Once I have tried to string a few Pearl-seeds
Upon my Rosary of wooden beads;
But I have searched, and I have searched in vain
For pearls in all the caverns of the creeds
And in the palaces of wealth I found
Some beads of wisdom scattered on the ground,
Around the throne of Power, beneath the feet
Of fair-faced slaves with flowers of folly crowned.
Thy wealth can shed no tears around thy bier,
Nor can it wash thy hands of shame and fear;
Ere thou departest with it freely part—
Let others plead for thee and God will hear.
For me thy silks and feathers have no charm
The pillow I like best is my right arm;
The comforts of this passing show I spurn,
For Poverty can do the soul no harm.
The guiding hand of Allah I can see
Upon my staff: of what use then is he
Who'd be the blind man's guide? Thou silent oak,
No son of Eve shall walk with me and thee.
My life's the road on which I blindly speed:
My goal's the grave on which I plant a reed
To shape my Hope, but soon the Hand unseen
Will strike, and lo!
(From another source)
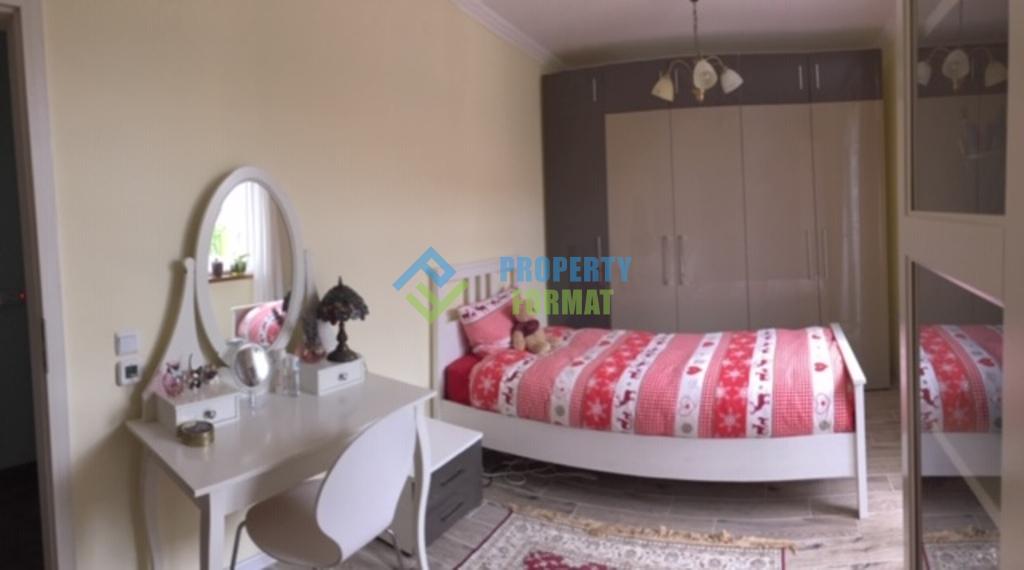 Просторен апартамент от 107 кв.м, който се състои от входно антре, дневна с кухненска част, две спални, баня и тераса. В цената на апартамента е включено и складово помещение в сутерена на къщата. При наличие на необходимите мебели, някои домакински уреди, в хола е монтирана камина. Срещу допълнително заплащане има възможност за закупуване на подземен гараж за автомобил. Чудесен вариант за преместване в България за постоянно пребиваване, т.к. няма такса за поддръжка.

I'm but a sapless weed.
O Rabbi, curse us not if we have been
Nursed in the shadow of the Gate of Sin
Built by thy hand—yea, ev'n thine angels blink
When we are coming out and going in.
And like the dead of Ind I do not fear
To go to thee in flames; the most austere
Angel of fire a softer tooth and tongue
Hath he than dreadful Munker and Nakir.
Now, at this end of Adam's line I stand
Holding my father's life-curse in my hand,
Doing no one the wrong that he did me:—
Ah, would that he were barren as the sand!
Ay, thus thy children, though they sovereigns be,
When truth upon them dawns, will turn on thee,
Who cast them into life's dark labyrinth
Where even old Izrail can not see.
And in the labyrinth both son and sire
Awhile will fan and fuel hatred's fire;
Sparks of the log of evil are all men
Allwhere—extinguished be the race entire!
If miracles were wrought in ancient years,
Why not to-day, O Heaven-cradled seers?
The highway's strewn with dead, the lepers weep,
If ye but knew,—if ye but saw their tears!
Fan thou a lisping fire and it will leap
In flames, but dost thou fan an ashy heap?
They would respond, indeed, whom thou dost call,
Were they not dead, alas! or dead asleep.
The way of vice is open as the sky.
The way of virtue's like the needle's eye;
But whether here or there, the eager Soul
Has only two Companions—Whence and Why.
Whence come, O firmament, thy myriad lights?
Whence comes thy sap, O vineyard of the heights?
Whence comes the perfume of the rose, and whence
The spirit-larva which the body blights?
Whence does the nettle get its bitter sting?
Whence do the honey bees their honey bring?
Whence our Companions, too—our Whence and
O Soul, I do not know a single thing!
How many like us in the ages past
Have blindly soared, though like a pebble cast,
Seeking the veil of mystery to tear,
But fell accurst beneath the burning blast?
Why try to con the book of earth and sky,
Why seek the truth which neither you nor I
Can grasp? But Death methinks the secret keeps,
And will impart it to us by and by.
The Sultan, too, relinquishing his throne
Must wayfare through the darkening dust alone
Where neither crown nor kingdom be, and he,
Part of the Secret, here and there is blown.
To clay the mighty Sultan must return
And, chancing, help a praying slave to burn
His midnight oil before the face of Him,
Who of the Sultan makes an incense urn.
Turned to a cup, who once the sword of state
Held o'er the head of slave and potentate,
Is now held in the tippler's trembling hand,
Or smashed upon the tavern-floor of Fate.
For this I say, Be watchful of the Cage
Of chance; it opes alike to fool and sage;
Spy on the moment, for to-morrow'll be,
Like yesterday, an obliterated page.
Yea, kiss the rosy cheeks of new-born Day,
And hail eternity in every ray
Forming a halo round its infant head.
Illumining thy labyrinthine way.
But I, the thrice-imprisoned, try to troll
Strains of the song of night, which fill with dole
My blindness, my confinement, and my flesh—
The sordid habitation of my soul.
Howbeit, my inner vision heir shall be
To the increasing flames of mystery
Which may illumine yet my prisons all,
And crown the ever living hope of me.